DATA EXCERPTS Start Marker
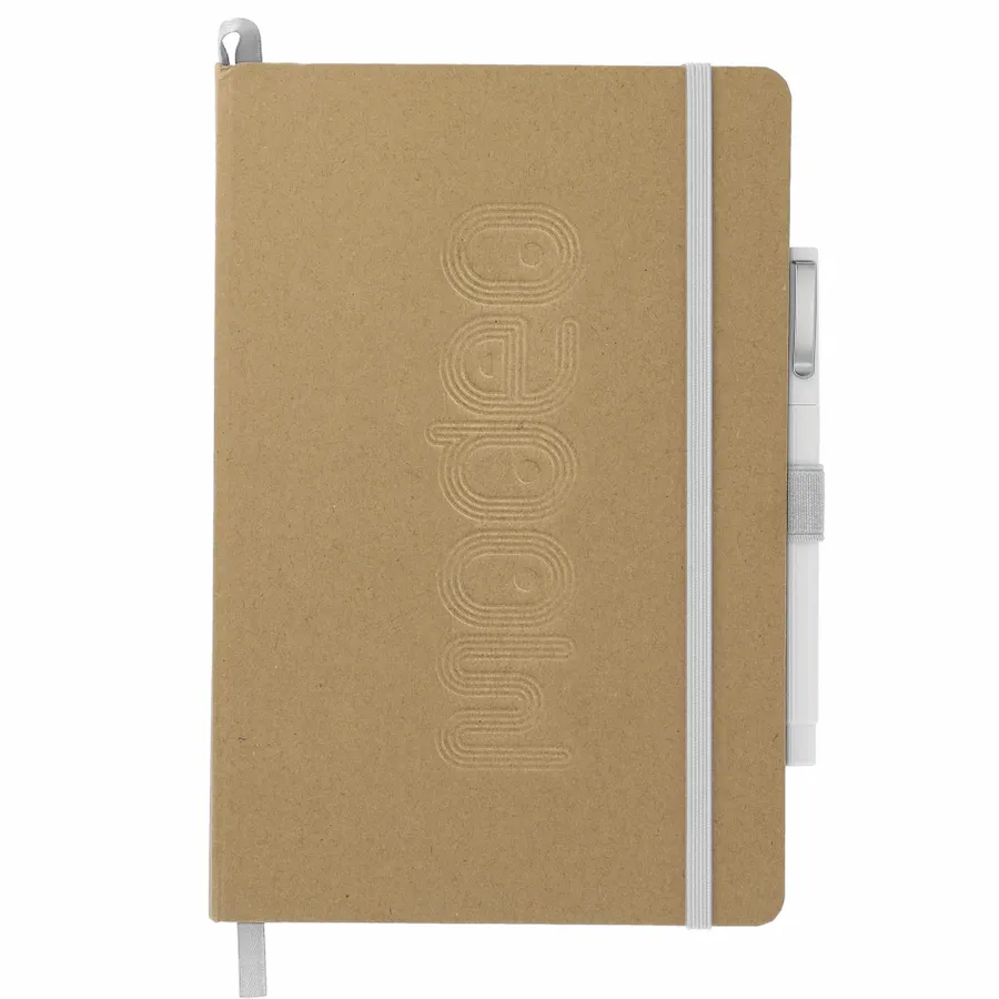 This Eco Color Bound Journal Set includes (2800-41) Eco Color Bound Journal and (6620-31) Ambassador Square Ballpoint pen. The Journal features a recycled paper hard bound cover, color accent painted edge pages, and color matching built-in elastic closure and pen loop. This specialty notebook includes a ribbon page marker, expandable accordion pocket, and 80 sheets of lined paper. Through a partnership with 1% For The Planet, one percent of sales are donated to environmental nonprofits. This item cannot be configured online. Contact us to order. Due to the nature of the material, there may be color variances.
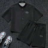Easevo conjunto de camisa de manga corta de tejido y pantalones cortos para hombre talla grande
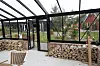 Im Garten des Fjordbo gibt es einen modernen Wintergarten.
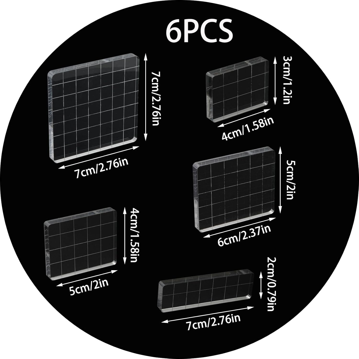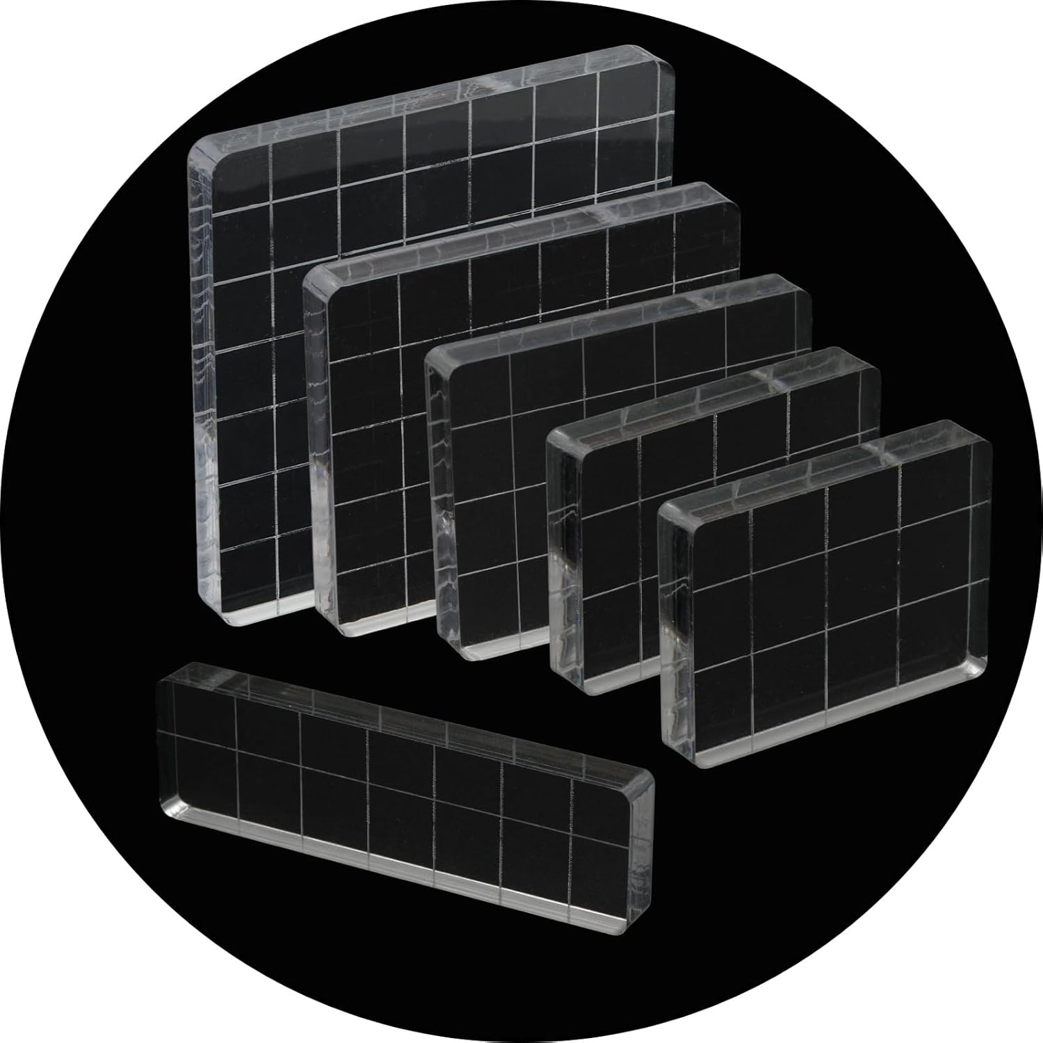 Pine & Linen 6 Pack Clear Stamp Blocks, Acrylic Tools Grid Lines Set, Scrapbooking Crafts for DIY Crafts/Scrapbooking/Card Making/Ornaments/Stamping Projects(Style-2)
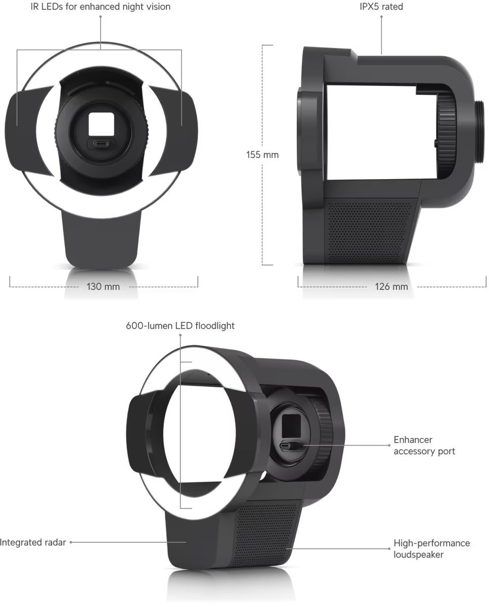 The Ubiquiti UACC-Pro-Bullet-Enhancer-B is an IPX5 rated accessory designed to enhance cameras with up to 60m IR illumination (40m for AI Pro), 600 lumen LED floodlight, speaker and a radar motion detector with a detection range of up to 20m for people and 35m for vehicles.
DATA EXCERPTS End Marker
TASK OBJECTIVE:
Give the material again exactly as it is, but keep the pictures out.

WRITTEN RESPONSE:
 This Eco Color Bound Journal Set includes (2800-41) Eco Color Bound Journal and (6620-31) Ambassador Square Ballpoint pen. The Journal features a recycled paper hard bound cover, color accent painted edge pages, and color matching built-in elastic closure and pen loop. This specialty notebook includes a ribbon page marker, expandable accordion pocket, and 80 sheets of lined paper. Through a partnership with 1% For The Planet, one percent of sales are donated to environmental nonprofits. This item cannot be configured online. Contact us to order. Due to the nature of the material, there may be color variances.
Easevo conjunto de camisa de manga corta de tejido y pantalones cortos para hombre talla grande
 Im Garten des Fjordbo gibt es einen modernen Wintergarten.
 Pine & Linen 6 Pack Clear Stamp Blocks, Acrylic Tools Grid Lines Set, Scrapbooking Crafts for DIY Crafts/Scrapbooking/Card Making/Ornaments/Stamping Projects(Style-2)
 The Ubiquiti UACC-Pro-Bullet-Enhancer-B is an IPX5 rated accessory designed to enhance cameras with up to 60m IR illumination (40m for AI Pro), 600 lumen LED floodlight, speaker and a radar motion detector with a detection range of up to 20m for people and 35m for vehicles.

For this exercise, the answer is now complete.